In den vergangenen Jahren waren die Investoren vielerorts von der Bildfläche verschwunden. Banken stellten kaum mehr Kredite zur Verfügung - dem Schmiermittel für die Übernahmen durch Private-Equity-Häuser. Seit einigen Monaten sind die Geldhäuser aber wieder kreditfreudiger, auch in Europa. In den USA stemmen die Finanzinvestoren schon länger wieder Deals wie zu Boomzeiten 2006/2007. So kauften der Investor Warren Buffett und das Private-Equity-Haus 3G gerade den Ketchup-Produzenten H.J. Heinz für 28 Milliarden Dollar.

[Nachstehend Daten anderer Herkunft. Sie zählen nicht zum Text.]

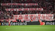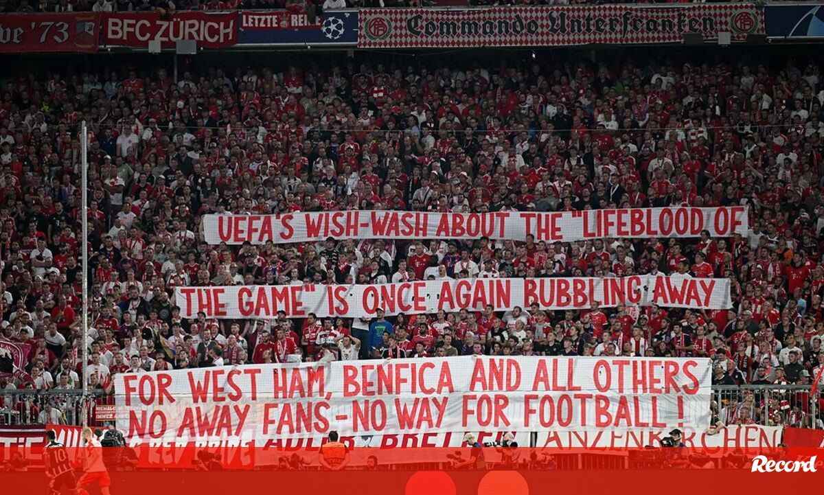 Adeptos do Bayern visam UEFA em tarja com referência também ao Benfica
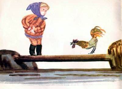Он встал на середине мосточка, посмотрел на девочку одним глазом и погрозил на своем петушином языке:
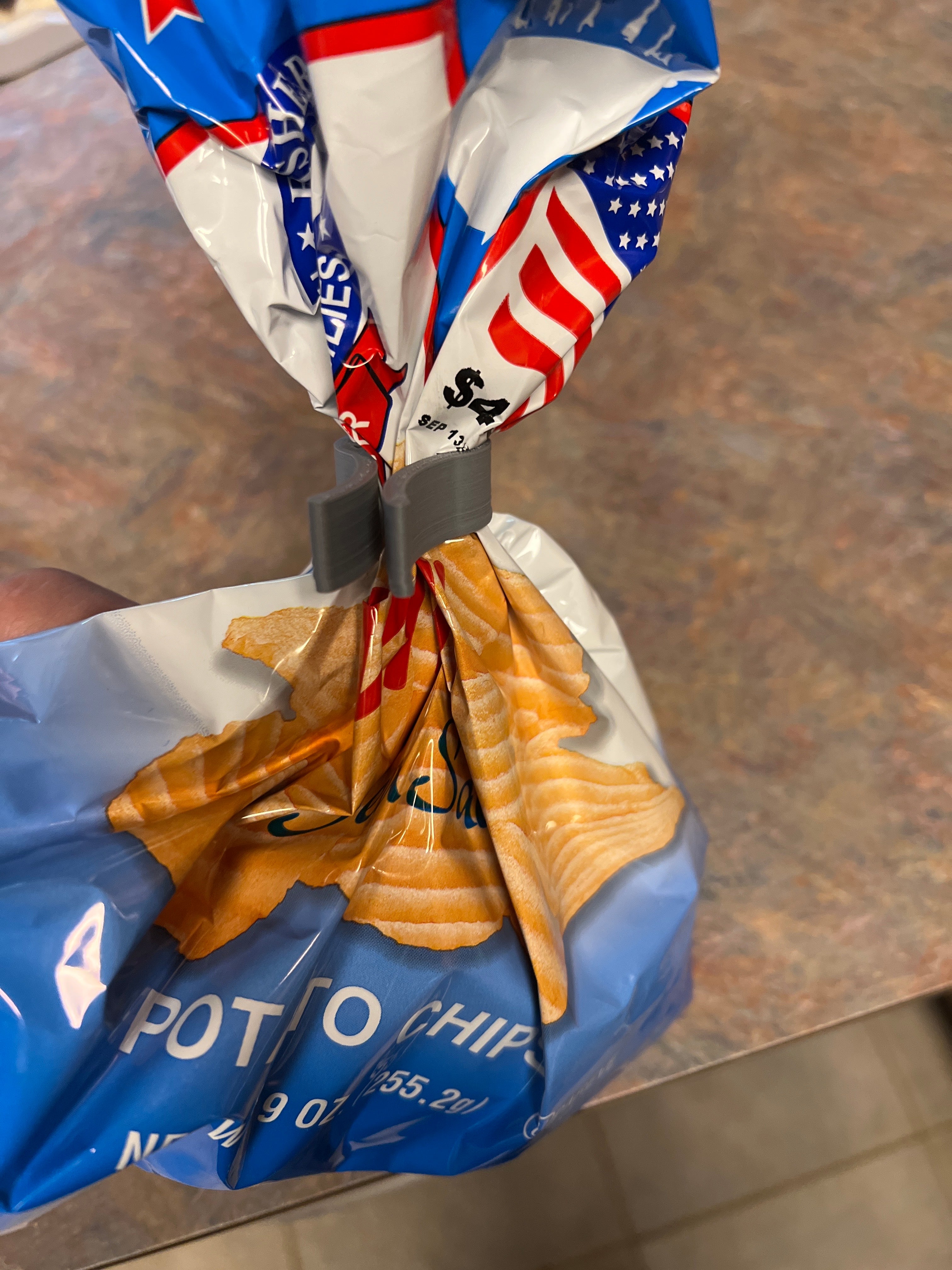 Ein einfacher Taschenclip, der Ihre Taschen geschlossen hält. Es eignet sich gut für Chipstüten und hilft, Ihre Snacks frisch zu halten. Noch nicht viel anderes getestet.
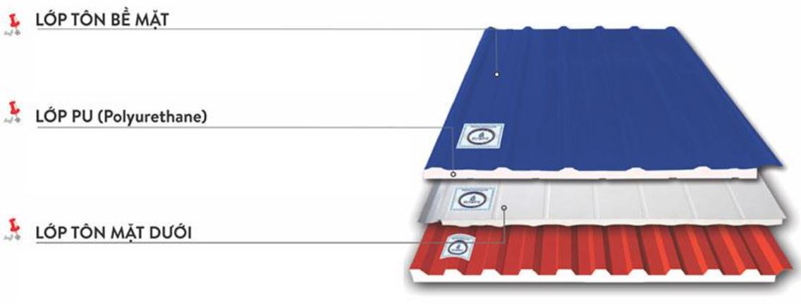 Tấm lợp chống cháy cách nhiệt được cấu thành từ 3 lớp bao gồm lớp tôn lạnh màu Olympic trên bề mặt, lớp cách nhiệt PU và lớp tôn mạ màu lót mặt dưới tấm lợp.
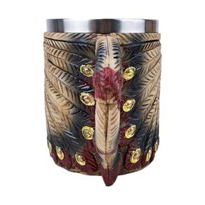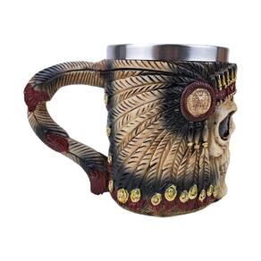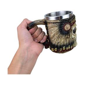 Caneca de Caveira Com Cocar Indígena 3D - Resina e Inox Caneca de Caveira Com Cocar Indígena 3D em Resina e Inox
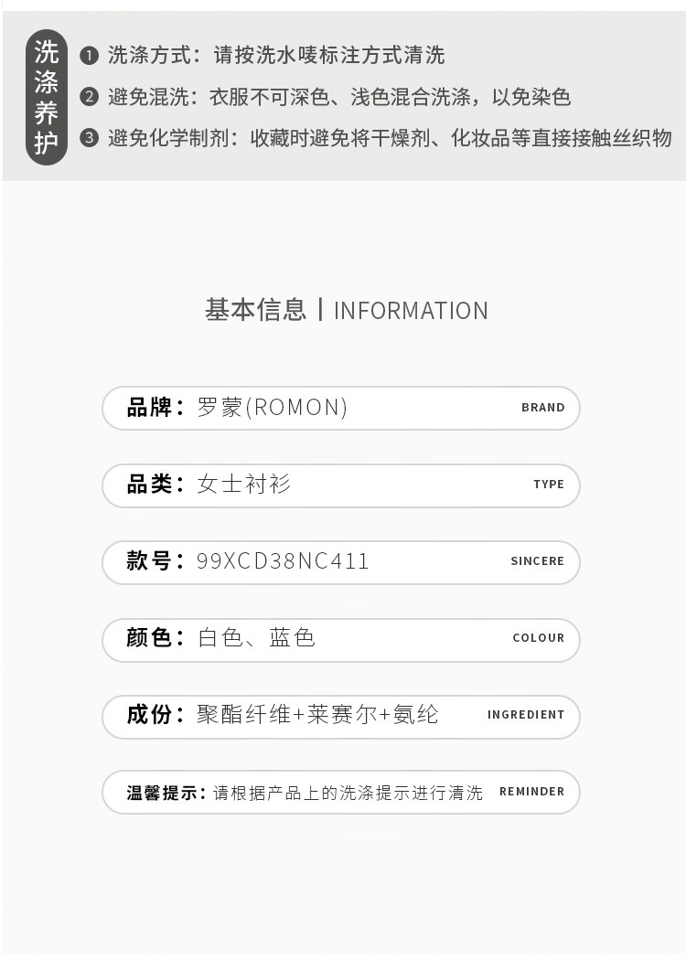 面料:76%聚酯纤维 22%莱赛尔 2%氨纶
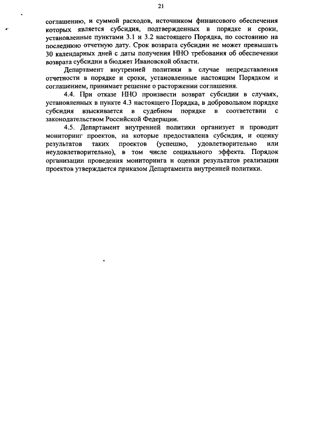 Постановление Правительства Ивановской области от 29.04.2021 N 221-п "О внесении изменений в постановление Правительства Ивановской области от 30.03.2012 N 107-п "О порядке, объемах и условиях предоставления поддержки социально ориентированным некоммерческим организациям, зарегистрированным и действующим на территории Ивановской области" (вместе с "Порядком предоставления социально ориентированным некоммерческим организациям, зарегистрированным и действующим на территории Ивановской области, грантов в форме субсидий (гранты Ивановской области)")
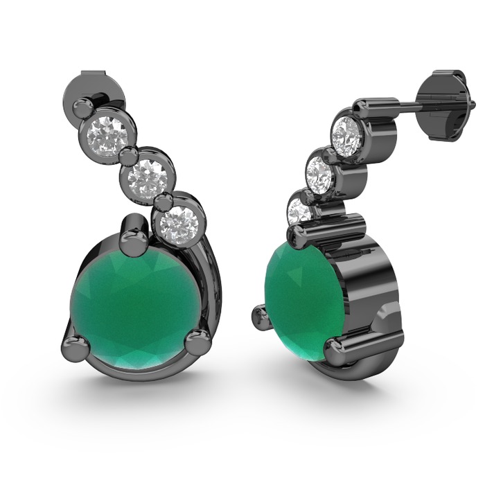 Kök zümrüt ve beyaz zirkon 925 ayar siyah rodyum kaplama gümüş küpe
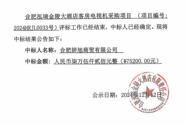 合肥泓瑞金陵大酒店客房電視機采購項目中標結果公告

Davon ist Deutschland weit entfernt, da der Fokus der Finanzinvestoren mehr auf mittelständischen Firmen liegt. Nach Worten von Detlef Dinsel vom Private-Equity-Haus IK Investment Partners sind derzeit drei Prozent dieser Unternehmen in Deutschland von Beteiligungsfirmen finanziert. In den nächsten Jahren rechnet er mit einer Verdopplung dieses Anteils. Deutschland profitiert dabei davon, dass das Land in der Euro-Schuldenkrise als sicherer Anlagehafen angesehen wird und vor allem viele Mittelständler als "heimliche Champions" in ihren jeweiligen Branchen gelten. Nach einer Umfrage der Unternehmensberatung PricewaterhouseCoopers nennen sechs von zehn Private-Equity-Häusern in Europa Deutschland als bevorzugtes Zielland. Für die nächsten Jahre gilt unter den knapp 170 befragten Finanzinvestoren kein anderes Land als attraktiver. Advent-Manager Huep warnt aber vor verfrühtem Optimismus: "Ich sage seit vier Jahren, dass Deutschland als Private-Equity-Markt zurückkommt - bislang lässt das noch auf sich warten, aber die Geduld könnte sich am Ende auszahlen."